Em relação à biosfera, de acordo com o estudo, precisamos que pelo menos metade dos ecossistemas estejam intactos, ou seja, que sejam reservas naturais inexploradas para que possam regenerar o planeta, uma porcentagem que não é atendida. Globalmente, não temos nem a metade desse percentual.
Os cientistas também relatam que ultrapassamos os limites seguros e justos na alteração do ciclo da água.

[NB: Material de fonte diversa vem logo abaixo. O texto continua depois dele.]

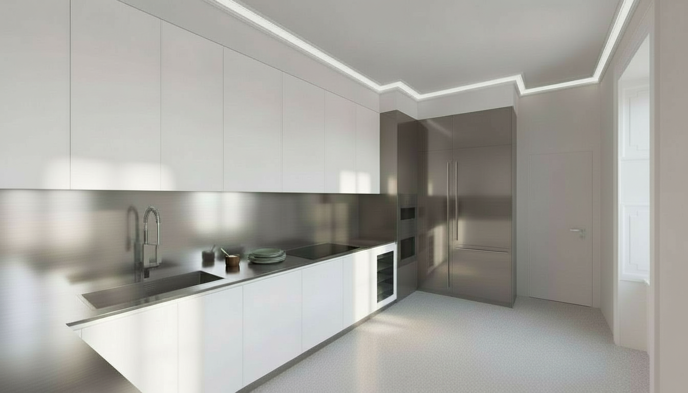 edit the reference kitchen image while preserving exactly the original architecture layout proportions perspective camera angle cabinetry design openings appliance positions lighting mood and overall minimalist aesthetic requested changes 1 stainless steel finish keep the countertop and backsplash in a stainless steel finish inspired by boffi o steel the metal should look like a soft matte industrial stainless steel slightly brushed refined elegant contemporary with subtle texture and controlled reflections avoid mirror polished or overly glossy metal apply the same o steel inspired stainless steel finish also to the built in appliances and the tall appliance wall at the back so all visible appliance fronts and technical panels in that area match the same material language 2 floor material replace the floor with a terrazzo inspired by grandinetti fragmenta 305 carrara luminoso the floor should have a bright white base with fine and medium carrara marble fragments in light grey white tones the overall effect should be luminous clean elegant and premium with a refined italian terrazzo appearance 3 ceiling adjustment lower the ceiling so that it is only 10 cm above the top of the wall cabinets keep this ceiling change minimal precise and architecturally realistic maintain the recessed perimeter ceiling detail shown in the reference image 4 ceiling frame border finish make the ceiling perimeter frame cornice exactly the same color and finish as the suspended ceiling the whole ceiling composition should read as uniform integrated and minimal avoid contrast between the ceiling border and the main suspended ceiling plane 5 door handle update replace the current door handle with a much more discreet model use a minimal almost invisible handle integrated into the door design the handle should be elegant contemporary understated and visually unobtrusive important constraints do not change the kitchen composition cabinet layout dimensions door position wall geometry window openings sink cooktop oven placement or camera framing keep the white cabinetry exactly as in the original image preserve the tall storage appliance volume in the same position and design only updating its visible finish where requested preserve the ceiling geometry shown in the reference only refining its height and finishes as requested maintain the same clean contemporary minimalist design preserve the soft natural daylight and neutral color balance the image must remain a photorealistic architectural render goal create a premium contemporary kitchen visualization with realistic material replacement only accurate texture mapping and scale subtle and believable stainless steel reflections a bright elegant terrazzo floor a lowered ceiling integrated naturally above the cabinets a uniform ceiling frame matching the suspended ceiling and a very discreet almost invisible door handle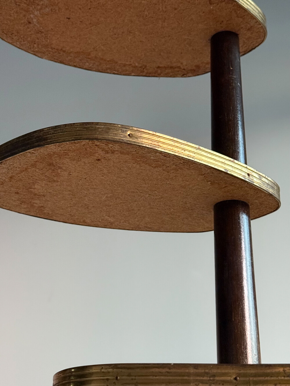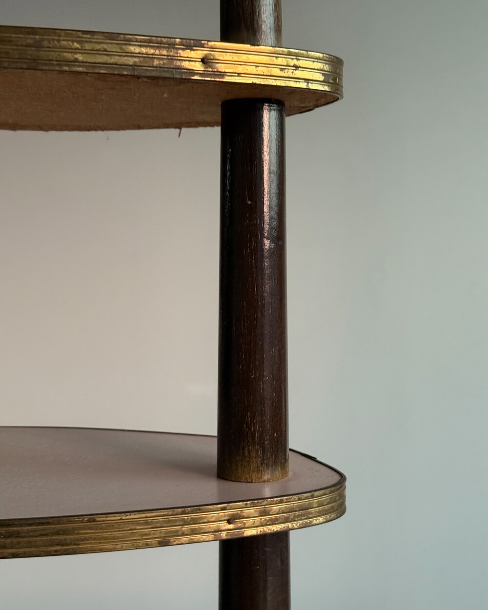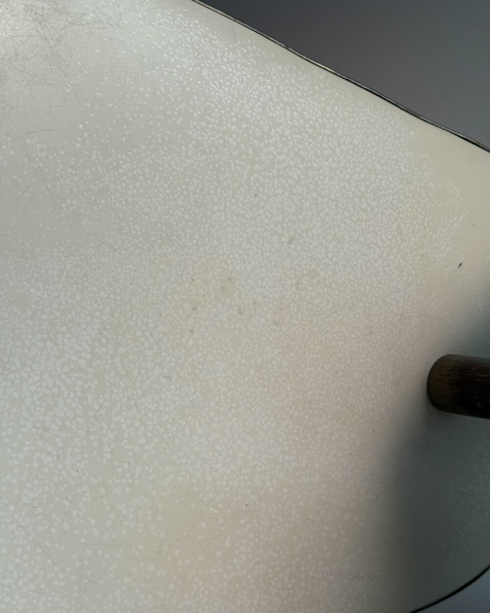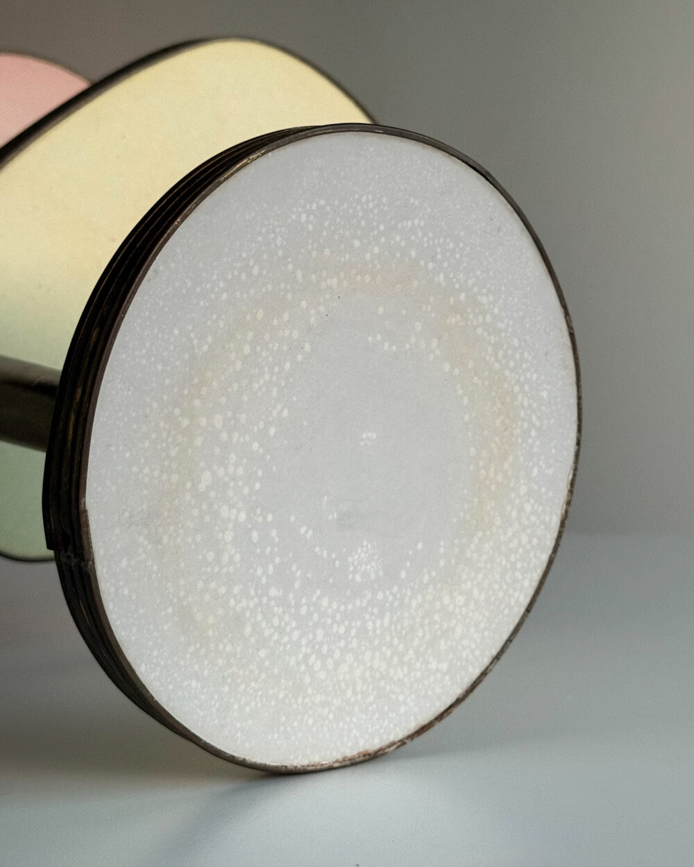 1960년대 서독에서 제작된 빈티지 식물 스탠드입니다. 곡선형 상판 위로 라이트 그레이, 레몬, 핑크의 파스텔 톤 조합의 서브 쉘프가 3단 계단형으로 배열되어 있습니다. 각 단은 360도 회전이 가능한 구조로 자유로운 배치와 연출이 가능합니다. 식물 스탠드 외에도 오브제, 조명, 서적 등을 함께 연출하실 수 있습니다.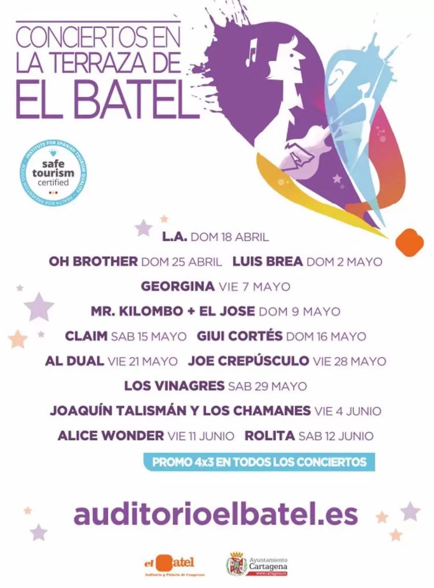 El escenario de la terraza de la Muralla del auditorio El Batel, en Cartagena, reabre sus puertas esta primavera para ofrecer conciertos al aire libre, tanto al mediodía como al atardecer. Entre los meses de abril y junio se sucederán seis conciertos y otros siete podrán presenciarse al caer el sol, informaron fuentes municipales en un comunicado.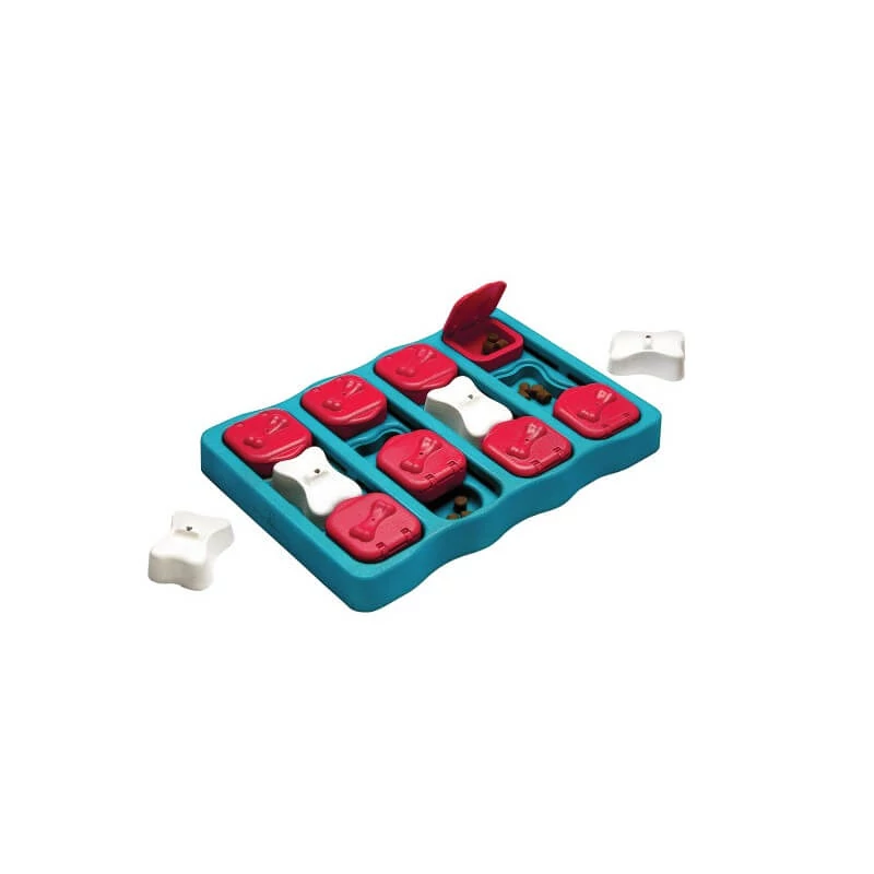 A Dog Brick 2-es szintű Nina Ottosson logikai játék az egyik legnépszerűbb játék. Három tölthető rekesze van és további lépéskombinációkat, akadályokat tartalmaz. A kutyának igazi kihívás, összpontosítania kell, hogyan juthat a finom falatokhoz.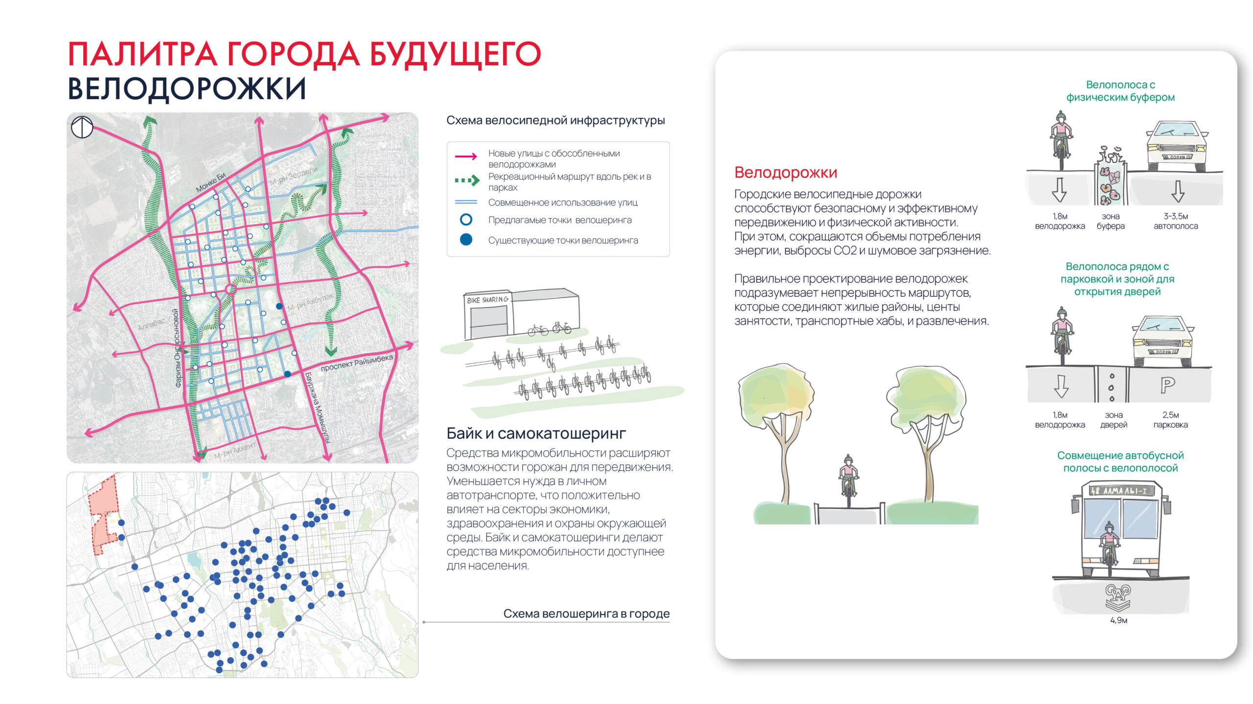 К примеру, INK Architects проектирует такие условия в новом полицентре Алматы – Западных воротах, также предлагая маршруты и остановки общественного транспорта в шаговой доступности. В районах города будущего поколения планируются велоинфраструктура, небольшие круговые движения на перекрестках, которые позволят избежать светофоров и простоев, и в то же время увеличивают безопасность проезда.

Nas águas superficiais, alteramos a vazão de água em 34% ao mês, quando não deveríamos ultrapassar 20% ao mês; e nas águas subterrâneas superamos em 47% os limites que deveriam permitir a recuperação natural dos aquíferos do planeta.
Sobre o aquecimento global do planeta, o limite seguro de aumento de 1,5 ºC estabelecido na cúpula do clima de Paris, COP21, que pedia muito para limitar o aquecimento global, ainda não foi ultrapassado abaixo de dois graus, e se possível não ultrapassar um grau e meio, mas o “justo” limite de 1 ºC foi ultrapassado (atualmente estamos em um aumento de 1,2 ºC), o que já está causando danos significativos em muitas partes do planeta devido às mudanças climáticas.
A variável mais promissora, que ainda não foi transgredida a um nível justo ou seguro, é a emissão de aerossóis poluentes, onde ainda não foram ultrapassados os limites que podem provocar alterações nas monções e prejuízos para a saúde humana.
O documento traz ainda uma advertência em relação à Covid-19, uma vez que a OMS desativou a emegência mundial pela pandemia, lembrando que a organização não descarta que novas variantes possam aparecer a longo prazo (esperemos). Por tudo isso, já publicaram um documento – que deverá ser uma ferramenta útil até 2025 – que atualiza a estratégia de prevenção, controle e resposta à doença para o futuro.